Wednesday, November 19, 2014

Holiness and Biblical Tension

Today, I want to throw a hat tip to Frank Turk over at the Pyromaniacs blog. Today, he posted this short article on holiness, which I think is worth reading and pondering.

There is something holiness is, and something it is not. Biblically, those who belong to Christ are holy (set apart), and we are to be holy in our behavior. But the process of sanctification is just that—a process. And in evangelical Christian circles, these terms tend to get mixed and jumbled around. A lot. We are NOT saved by works. Period. Most of us say that in affirmation of what the Bible teaches. But in practicum, we act—and what often comes out of our mouths—indicates that we may harbor another belief in our hearts. And that is somehow our works must contribute to our salvation, and if we fail to do them, or do them enough, that will "keep us out of heaven."
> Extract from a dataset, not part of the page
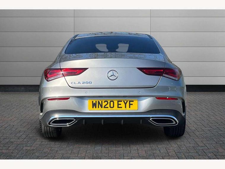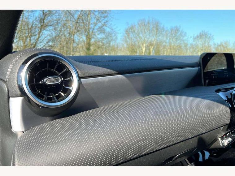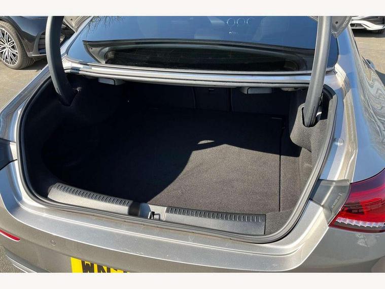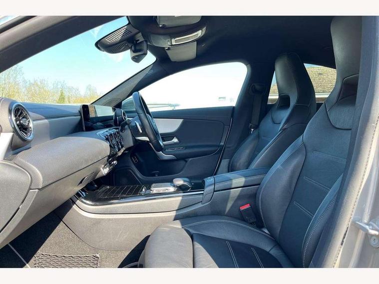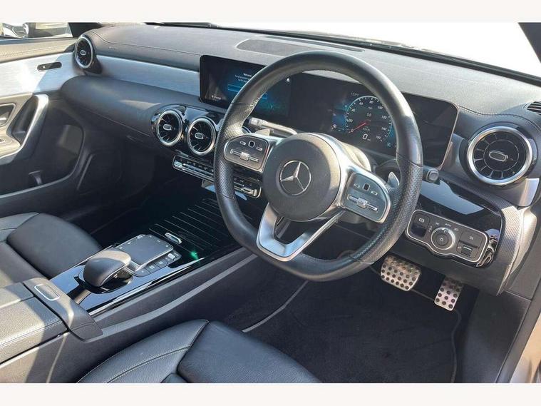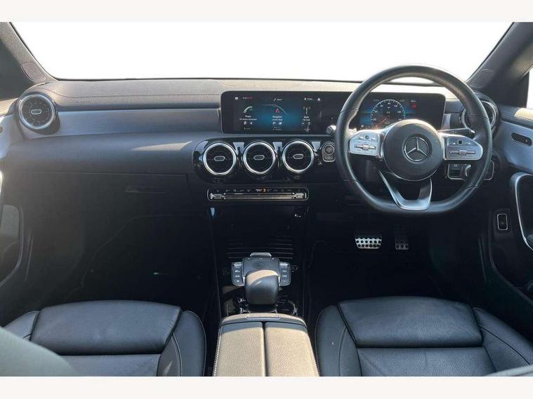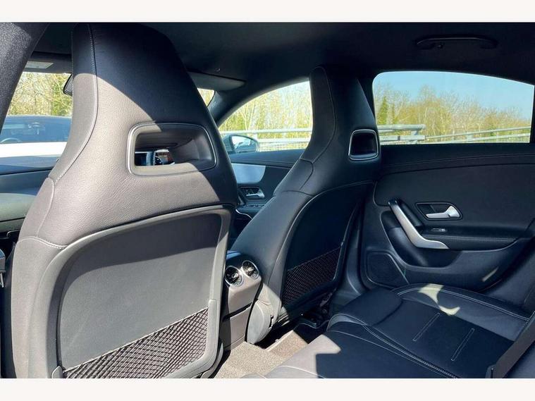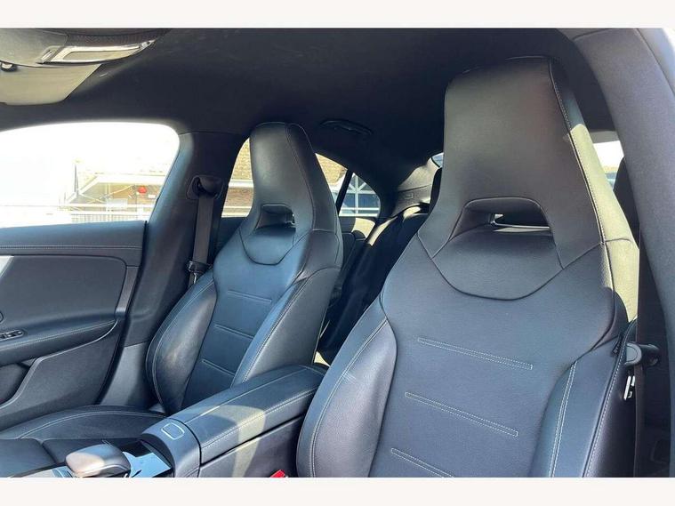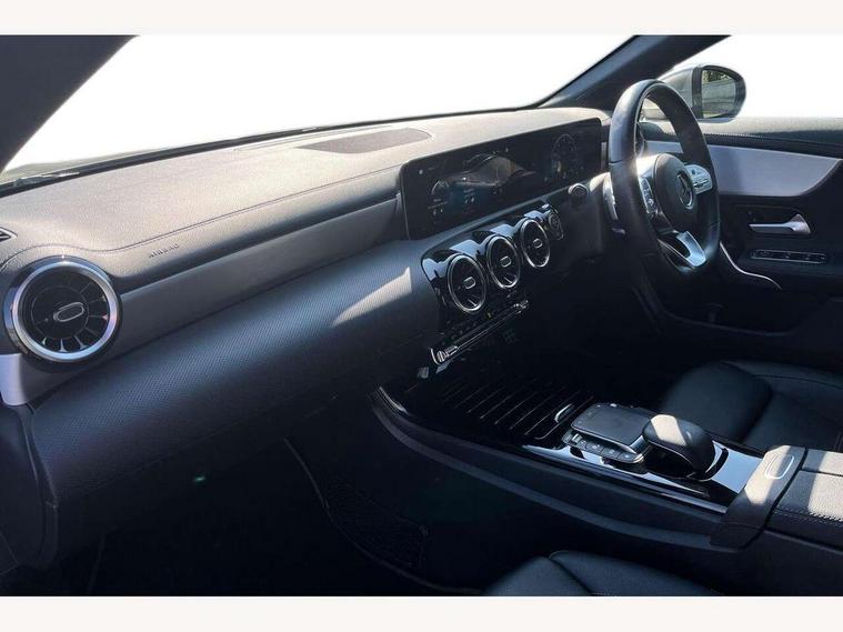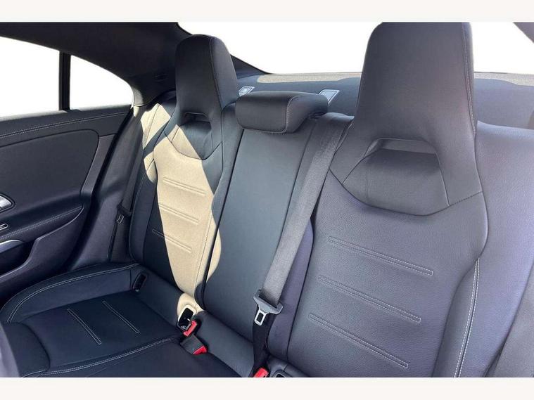 10.25 inch touchscreen central media display, 7 inch Instrument display with digital cockpit, Active lane keeping assist, Attention assist - Monitors steering behaviour and long journey fatigue, Cruise control with limiter, Direct steer system with speed sensitive power steering, Dual bluetooth interfaces, DYNAMIC SELECT with a choice of driving modes (ECO, Comfort, Sport, Sport+ and Individual), ECO start/stop function, Fluid level warning indicator for fuel, oil, coolant and washer fluid, Hard-disk navigation, Hey Mercedes Voice activation, Lamp failure indicator, Mercedes me connect including emergency call system, accident recovery, breakdown management and maintenance, Outside temperature gauge, Owners manual and service booklet in English, Pre-installation for Vehicle Monitoring, Pre-installation for Vehicle Setup, Pre-installation of private car share, Preinstallation for Mercedes Benz link, Radio aerial integrated into front and rear windshields, Service indicator (ASSYST), Smartphone integration with Apple CarPlay and Android auto, Speed limit assist, Trip computer in multifunction display with current consumption indicator, Wireless charging, 7G-DCT 7 speed automatic transmission, Lowered comfort suspension, Rear axle multi-link, Sporty engine sound system, DAB digital radio tuner, MBUX multimedia system with DAB digital radio and touchpad including satellite navigation, Mercedes Benz sound system (100 W) with 6 speakers, USB (type C) ports (2) in stowage compartment and 1 in front of centre console, Adaptive brake lights, AMG body styling with AMG front apron and rear apron and visible exhaust tailpipe in chrome trim elements, AMG bodystyling side skirts, Body colour bumpers, Body colour door handles, Chrome beltline strips, Diamond radiator grille pins in chrome with silver painted louvres and chrome insert, Electric windows, Electrically adjustable and heated door mirrors with integrated LED indicators, Exhaust system with 2 Visible tailpipe trim elements and rear apron with trim in chrome, Headlamp assist automatic headlamp activation, Heated glass rear windscreen + timer control, High level LED third brake light, LED high performance headlamps with integrated LED daytime running lights, LED tail lamp, Privacy glass with dark tinting on rear side windows and rear window, Rain sensing windscreen wipers with two sensitivity settings, Rear fog lamp, Vehicle Monitoring, Vehicle Setup, Window line trim strip in chrome, 3 spoke flattened bottom nappa leather multifunction steering wheel with perforated leather in grip area, 40:20:40 split folding rear seats with backrest, Air conditioning - Two zone thermotronic luxury automatic climate control with display, Air vents with surround in silver chrome, Automatic child seat recognition sensor, Black roof lining, Brushed stainless steel sports pedals with rubber studs, Floor mats with stitched AMG lettering, Front centre armrest with stowage, Front door sills with Mercedes Benz lettering, Front seat cushion length adjustment, Galvanished gear shift paddles on steering wheel, Heated front seats, Illuminated glove compartment stowage, Luggage net on driver/front passenger seat backrest, Manually adjustable front seats, Manually height and reach adjustable steering column, Rear head restraints, Rear interior lamp, Spectacles compartment for driver, Sport seats with fixed head restraints, Stowage compartment in centre console with retractable cover, Sunvisors with illuminated vanity mirrors, Touchpad on center console, Twin front cupholders, Two outer rear seat isofix and top tether child seat fixing points, Light and sight pack - CLA, Mirror pack - CLA, Parking package - CLA, Seat comfort pack - CLA, Active bonnet pedestrain safety measure which detects an impact and raises bonnet by 65mm, Active brake assist includes forward collision warning system with autonomous braking, Adaptive brake assist with hold function and hill start assist, Anti-lock braking system (ABS), Black seat belts, Bonnet with power domes, Brake pad wear warning indicator, Childproof locks manually operated for rear doors and electrically operated for rear power windows, Crash responsive emergency lighting, Driver and front passenger head and sidebags, Driver and front passenger windowbags, Drivers knee airbag, Dual stage driver and front passenger airbags, Electric parking brake, Electronic stability programme with acceleration skid control, ESP curve dynamic assist, Front and rear seatbelt reminder, Front brake callipers with Mercedes Benz lettering, Front passenger seat occupancy sensor, Three point rear seat belts, Tyre pressure monitoring system, Warning triangle and first aid kit, Alarm system with immobiliser and interior protection -Thatcham category 1, Keyless Go starting function, Remote central locking and crash sensor with emergency opening function, Light aluminium with longitudinal grain interior trim, 18" 5 twin spoke design alloy wheels painted in titanium grey with high sheen finish, Summer tyres, Tirefit tyre sealant kit,

For the redeemed, our good works are a PRODUCT of our salvation and faith in Christ, not the cause of it. If we claim to be redeemed and live like unbelievers, it's safe to say that our salvation is probably not genuine, as no one truly born again and indwelt by the Holy Spirit would WANT to live life like that, in a way to grieve the Lord who purchased us with His own precious blood. But many seem unable to make the distinction in their understanding of salvation, grace, sanctification, imputed righteousness, etc.

Frank's article does a great job in helping to draw clear lines. I may add to it more here later on, as it's a very important subject to me in relating to my own loved ones who grew up in "holiness" circles. They say "saved by grace" but they're so focused on works that they cross the line into Pelagianism in practice. It's sad and it grieves the Lord. It diminishes the finished work of Christ on the cross. WE MUST get it right!